There are two ways of understanding WW2, through the prism of your own nationality/country or surveying it as one big whole. By doing the former you ignore what happened elsewhere which results in a skewed view of the conflict. By concentrating on the latter you have to understand what went on everywhere and taking an overiding view.

You will understand the conflict much better if you can try to view it from other countries' perspectives, particularly those in eastern Europe who are often ignored by many in the west. Gotthard has already pointed out that 80% of the Wehrmachts forces were on the eastern front which gives some indication of the titanic struggle that went on there. You only have to look at numbers of killed in that part of the world that dwarfs anything in the West. The battle of Kursk is probably the most important battle in WW2, Operation Bagration in 1944 saw Soviet advances reclaim territory bigger than France. Stalin's move into the Balkans reshapped the entire postwar world in that region. You can even point to the battle of Khalkin Gol in the summer of 1939 when the Soviets defeated the Japanese in a huge border skirmish as one of the most defining moments before the war had even started because it stopped the Japanese from expanding north into Siberia and concentrated their attention towards striking to the south. And once Stalin knew for sure there were striking south in 1941 he was able to bring these battle hardened troops back for the defence of Moscow.

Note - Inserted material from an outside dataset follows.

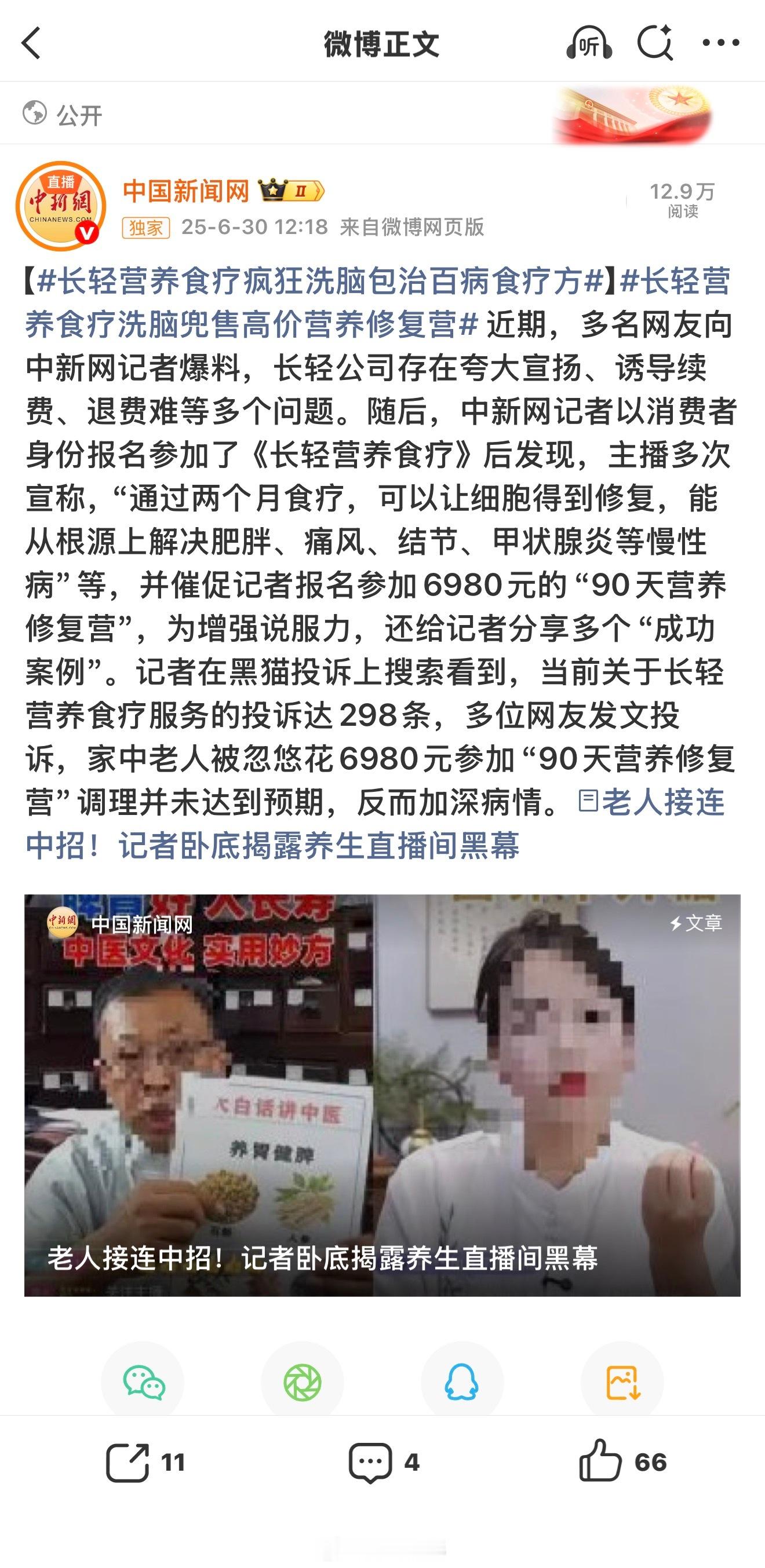 中招了。我就说这两个月老人找各种理由找我要钱,结果是遭了这家的道。一查老人的账单,已经在所谓“营养师”的忽悠下,几个月内背着我花光我给她的钱不说,还刷了信用卡,消费额度超过上万元。(具体花了多少她不让我看,只知道上万,而且付款过的那些小店都已经因为违规而被下架)买来了什么东西?什么驼奶粉,以及各种所谓“食疗教程”。再一查这家“长轻营养食疗科技有限公司”,不得了,已经被中国新闻网,央广网,光明网报道过其虚假营销,诓骗老年人高价消费所谓“食疗指导”的案例,报道称:【记者深入采访发现,大量老年人陷入长轻公司的营销陷阱。黑猫投诉平台针对该公司的投诉案例多达2000余条,涉及虚假宣传、诱导消费、身体损伤、退费难等问题。】基本手法,就是利用老年人怕生病,怕住院,想要健康长寿的心里,让一群培训几天的“营养师”用各种提前准备好的话术,兜售所谓“成功案例”来进行洗脑,除了兜售高价“食疗课程”,还高价出售果蔬生鲜、肉禽蛋品,以及各种来路不明的保健产品。具体报道看图7,上当的老人基本都是几千几万的花钱,不但原本的病没治好,反而雪上加霜。刚才看了下我家老太太买的“课程”,居然是教她每餐吃一些非常清淡的蔬菜,我家老人本来就瘦,长期这样下去迟早营养不良!没病也吃出病来!而现在我遇到的情况跟报道里说的非常相似,老人在我发现问题后,表现得非常抵抗,坚持认为这家公司的“专家”是为她好,她按照他们的“课程”吃了之后“感觉好多了”,“以后也不会生病住院了”。想尽办法维护,连更具体的消费项目都不让我看。行吧,这事儿消费金额上万了,我先找各种渠道投诉,包括报警,如此丧尽天良专挑老人下手,今天既然载到我手上,我就想试试举报这么家投诉满天飞,被多次曝光的诈骗企业有多难。

Remember the British went to war because of Poland in 1939 and the Allied Coalition's relations broke down over Poland in 1946-7 which precipitated 40 years worth of Cold War in Europe. By relegating the east to a sideshow you will not be taken seriously by those who come from that part of Europe.
A third way is from different countries perspectives in turn. Seeing it as a whole doesn't really see it from a whole because it wasn't a whole. Everyone saw their own interests in a different way as was of course natural.